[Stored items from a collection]
*** Block opens ***
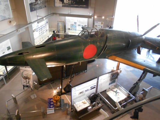終戦の1945年の6月に試作機が完成、8月に試作飛行を行いましたが、終戦を迎え、実際は使われなかった幻の戦闘機です。プロペラが後ろについている独特な形状で「異端の翼」と呼ばれていました。
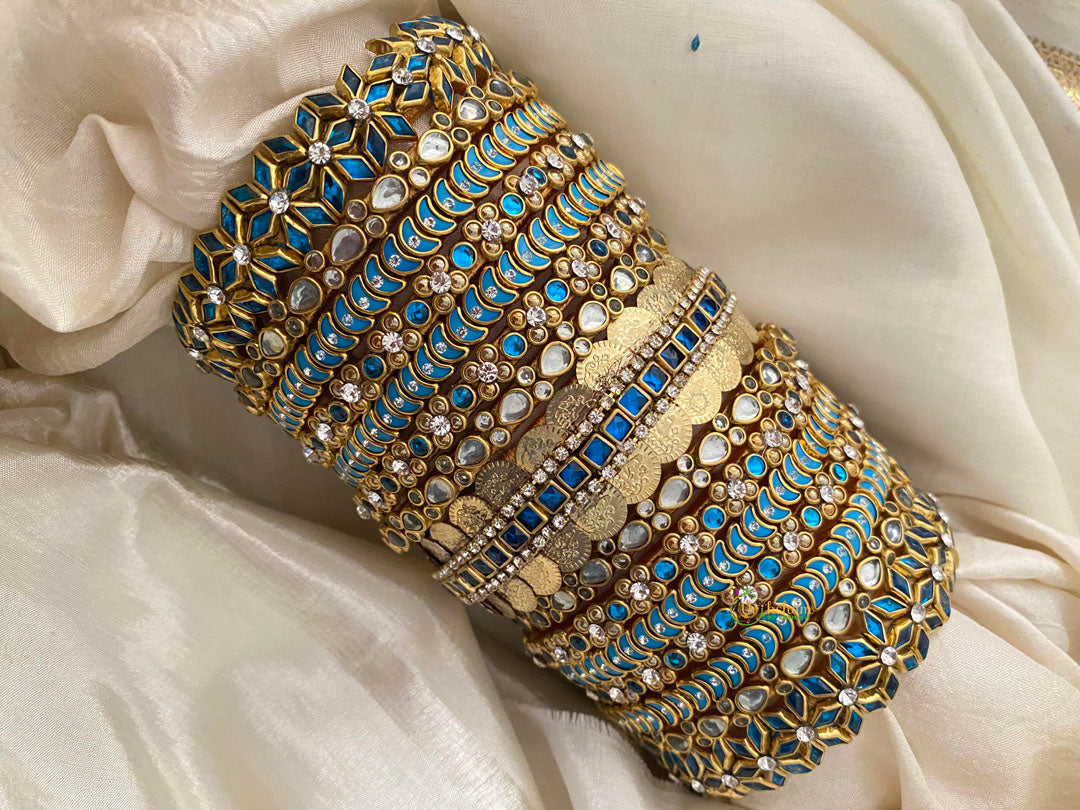 Silk Thread Blue Kundan Bridal Bangle– Silk Thread Bangles- kundan stone festive bangles , Comes as a set only.
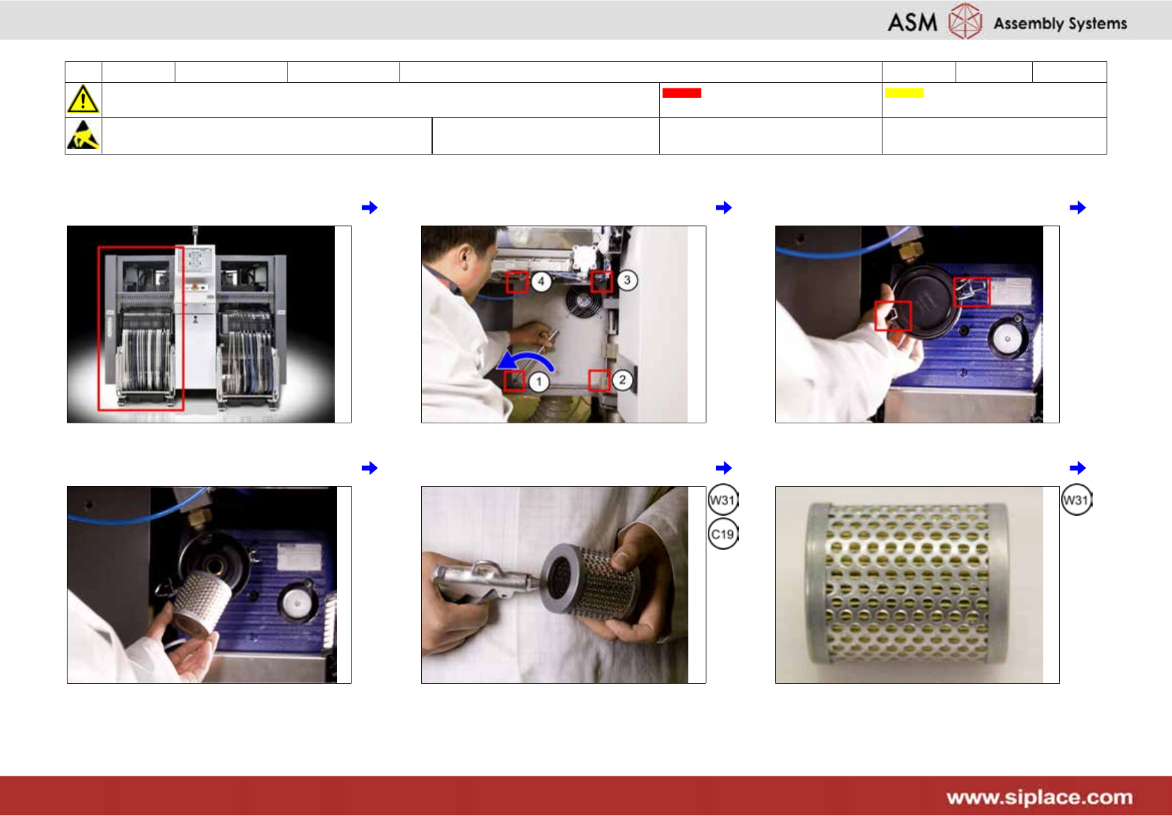 13 每六个月 X_系列_S 真空泵 **/******** 6 分钟 y 1/3 注意开始维护前,请参阅用户手册中的安全说明 贴片机状态 关闭 传送系统空 注意!遵守防静电守则 工具: T31 易损件: W31 耗材: C19 1 真空泵位于更换区域 1 处 2 拧开螺丝 (1) 至 (4) 3 打开边缘固定夹 (1) 并拆下盖子 4 拆卸真空过滤器 5 清洁真空过滤器 6 如正常,转至第 8 步
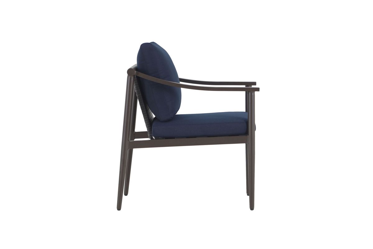 - Modern Minimalism: This outdoor patio dining chair features clean lines, a sleek dark frame, and blue cushions, embodying a minimalist aesthetic. The simple yet elegant design allows it to seamlessly blend into various outdoor settings, providing a stylish and understated look that complements contemporary outdoor spaces.
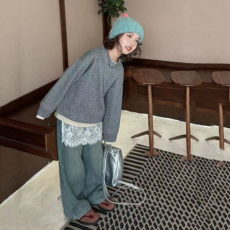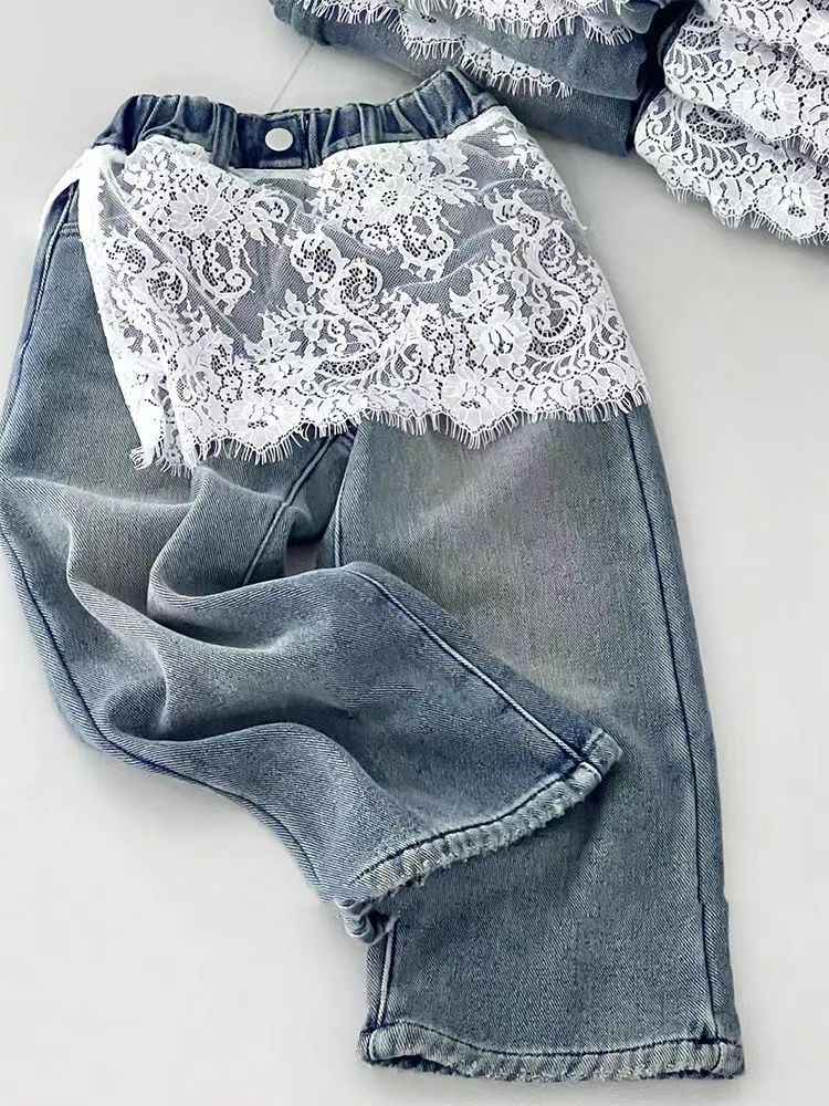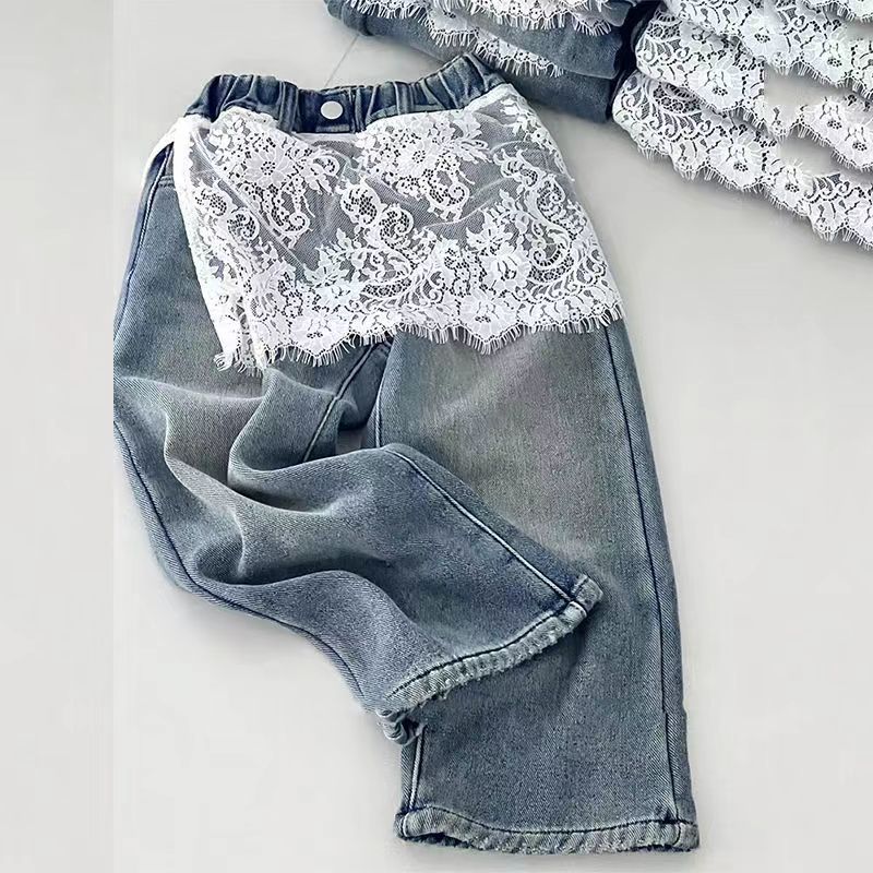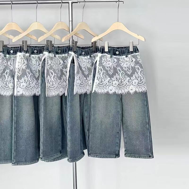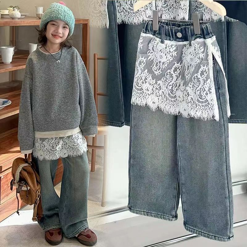 소녀 청바지 2025 봄과 가을 새로운 어린이 캐주얼 느슨한 스트레이트 바지 크고 중간 크기의 어린이 서양식 레이스 와이드 레그 바지
*** Block closes ***
# [Work order]
Exactly retype each record above, dropping images.

# [Answer to this exercise]
終戦の1945年の6月に試作機が完成、8月に試作飛行を行いましたが、終戦を迎え、実際は使われなかった幻の戦闘機です。プロペラが後ろについている独特な形状で「異端の翼」と呼ばれていました。
 Silk Thread Blue Kundan Bridal Bangle– Silk Thread Bangles- kundan stone festive bangles , Comes as a set only.
 13 每六个月 X_系列_S 真空泵 **/******** 6 分钟 y 1/3 注意开始维护前,请参阅用户手册中的安全说明 贴片机状态 关闭 传送系统空 注意!遵守防静电守则 工具: T31 易损件: W31 耗材: C19 1 真空泵位于更换区域 1 处 2 拧开螺丝 (1) 至 (4) 3 打开边缘固定夹 (1) 并拆下盖子 4 拆卸真空过滤器 5 清洁真空过滤器 6 如正常,转至第 8 步
 - Modern Minimalism: This outdoor patio dining chair features clean lines, a sleek dark frame, and blue cushions, embodying a minimalist aesthetic. The simple yet elegant design allows it to seamlessly blend into various outdoor settings, providing a stylish and understated look that complements contemporary outdoor spaces.
 소녀 청바지 2025 봄과 가을 새로운 어린이 캐주얼 느슨한 스트레이트 바지 크고 중간 크기의 어린이 서양식 레이스 와이드 레그 바지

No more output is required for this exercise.